SUPPLIED INFORMATION:
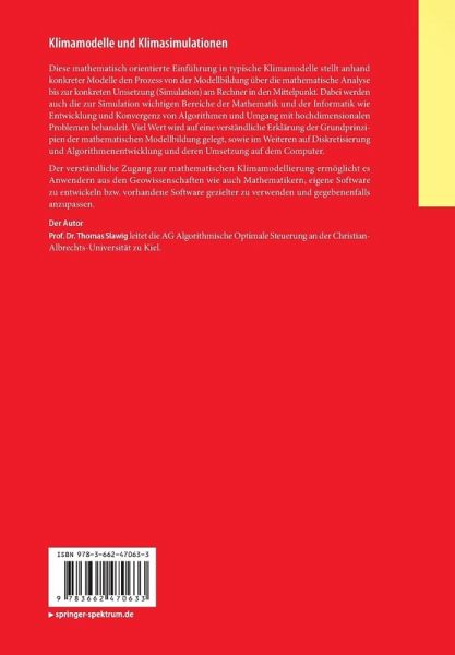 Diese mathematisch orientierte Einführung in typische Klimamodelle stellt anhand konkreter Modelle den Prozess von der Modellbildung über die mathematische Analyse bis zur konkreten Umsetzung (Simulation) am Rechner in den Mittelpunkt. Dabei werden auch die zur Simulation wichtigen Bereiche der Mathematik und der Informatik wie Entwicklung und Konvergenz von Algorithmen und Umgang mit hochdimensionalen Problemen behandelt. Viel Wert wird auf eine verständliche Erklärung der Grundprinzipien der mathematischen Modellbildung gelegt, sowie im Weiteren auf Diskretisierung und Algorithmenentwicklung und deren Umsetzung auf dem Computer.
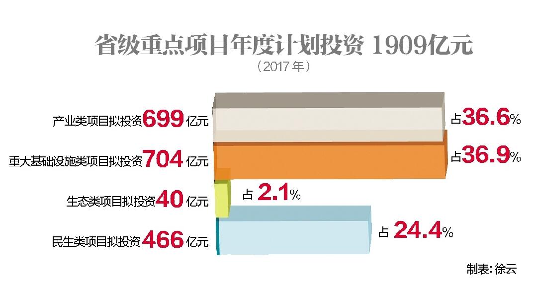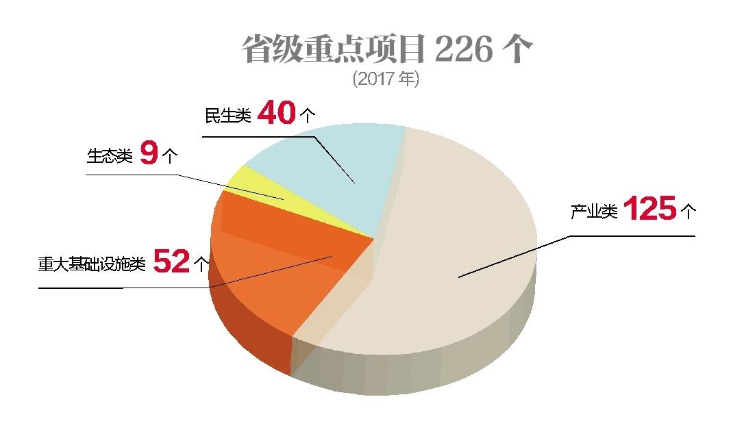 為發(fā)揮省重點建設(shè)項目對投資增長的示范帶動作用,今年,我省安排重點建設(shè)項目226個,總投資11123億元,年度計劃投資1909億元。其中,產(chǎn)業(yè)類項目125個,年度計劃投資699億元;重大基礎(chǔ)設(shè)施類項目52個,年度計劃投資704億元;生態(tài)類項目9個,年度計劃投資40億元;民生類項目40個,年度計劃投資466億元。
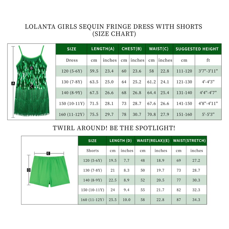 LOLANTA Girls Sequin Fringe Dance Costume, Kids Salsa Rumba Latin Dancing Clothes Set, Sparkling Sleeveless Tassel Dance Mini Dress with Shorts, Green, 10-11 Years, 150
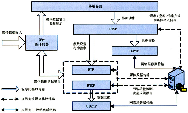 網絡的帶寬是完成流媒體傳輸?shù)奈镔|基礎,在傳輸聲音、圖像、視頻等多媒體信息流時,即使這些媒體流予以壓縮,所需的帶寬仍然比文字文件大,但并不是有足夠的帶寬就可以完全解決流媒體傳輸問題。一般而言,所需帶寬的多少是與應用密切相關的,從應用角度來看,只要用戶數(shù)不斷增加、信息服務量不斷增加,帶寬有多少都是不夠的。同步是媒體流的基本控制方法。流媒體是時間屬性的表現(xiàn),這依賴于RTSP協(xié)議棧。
---
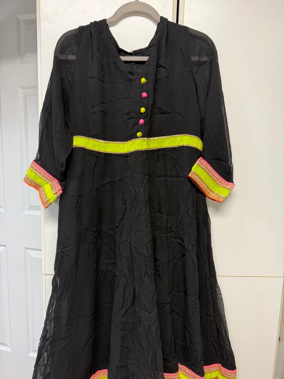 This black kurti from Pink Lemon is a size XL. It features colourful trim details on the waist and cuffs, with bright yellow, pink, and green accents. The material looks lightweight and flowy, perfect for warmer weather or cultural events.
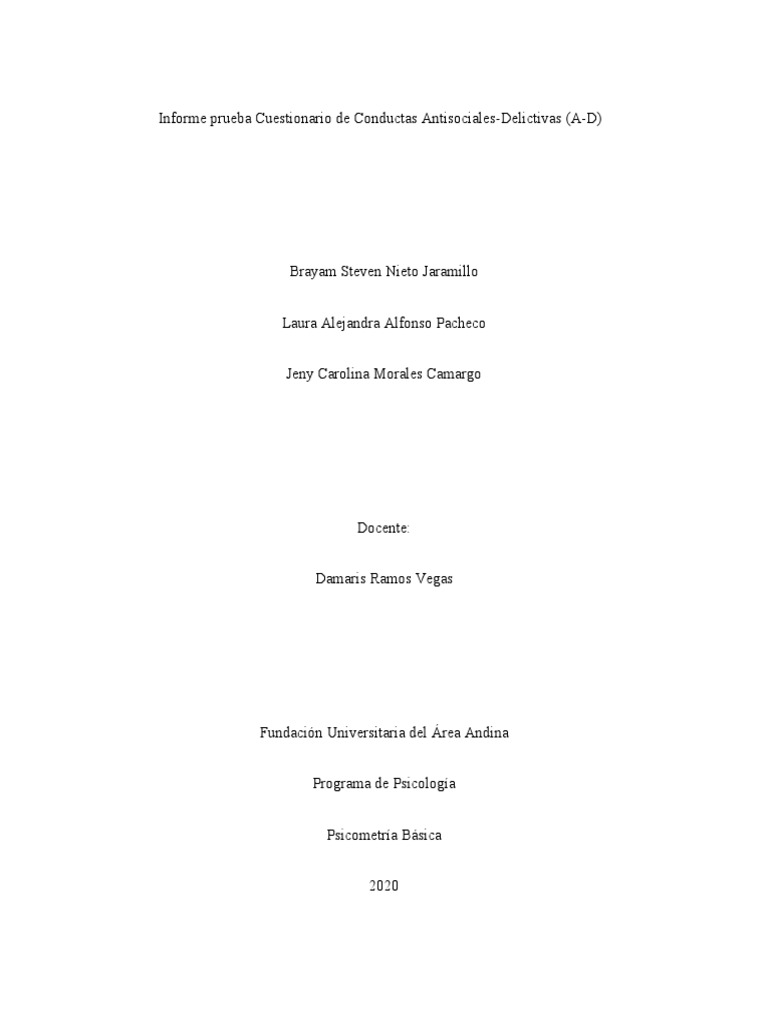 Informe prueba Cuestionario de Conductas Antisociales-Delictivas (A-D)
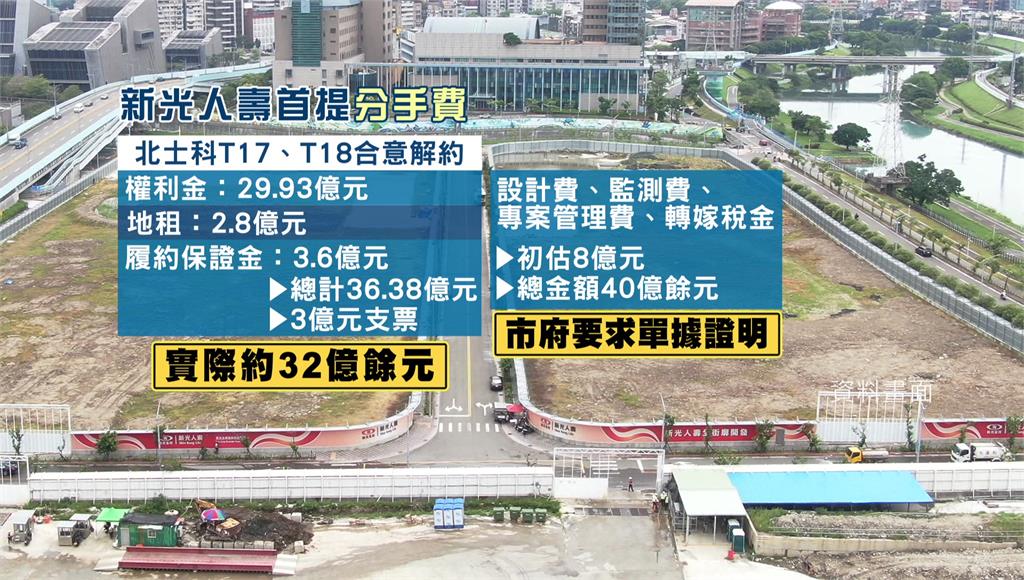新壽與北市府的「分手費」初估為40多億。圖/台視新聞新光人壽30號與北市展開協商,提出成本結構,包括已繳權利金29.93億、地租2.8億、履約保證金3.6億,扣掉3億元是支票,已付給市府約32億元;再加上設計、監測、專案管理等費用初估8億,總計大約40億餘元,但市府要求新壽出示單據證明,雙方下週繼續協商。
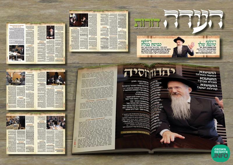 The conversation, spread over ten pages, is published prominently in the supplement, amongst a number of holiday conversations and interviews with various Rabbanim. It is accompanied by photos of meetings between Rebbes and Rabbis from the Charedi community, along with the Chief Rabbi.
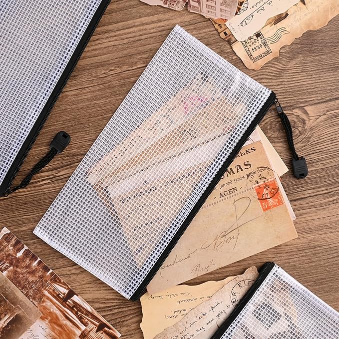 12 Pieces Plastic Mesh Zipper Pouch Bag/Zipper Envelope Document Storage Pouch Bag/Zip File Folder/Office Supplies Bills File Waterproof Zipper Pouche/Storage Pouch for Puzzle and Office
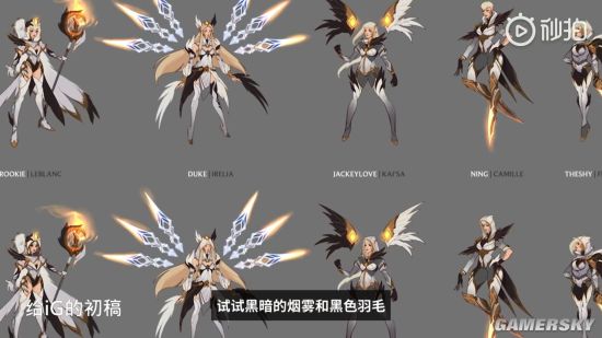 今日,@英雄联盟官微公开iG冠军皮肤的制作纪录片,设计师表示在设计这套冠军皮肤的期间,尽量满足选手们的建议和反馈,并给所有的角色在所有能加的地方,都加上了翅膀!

WHAT YOU WILL DO: Within the listing above, the lines from the one with "新壽與北市府的「分手費」初估" through the one with "The conversation, spread" are to be given again word for word. Do not include pictures.

YOUR SOLUTION:
新壽與北市府的「分手費」初估為40多億。圖/台視新聞新光人壽30號與北市展開協商,提出成本結構,包括已繳權利金29.93億、地租2.8億、履約保證金3.6億,扣掉3億元是支票,已付給市府約32億元;再加上設計、監測、專案管理等費用初估8億,總計大約40億餘元,但市府要求新壽出示單據證明,雙方下週繼續協商。
 The conversation, spread over ten pages, is published prominently in the supplement, amongst a number of holiday conversations and interviews with various Rabbanim. It is accompanied by photos of meetings between Rebbes and Rabbis from the Charedi community, along with the Chief Rabbi.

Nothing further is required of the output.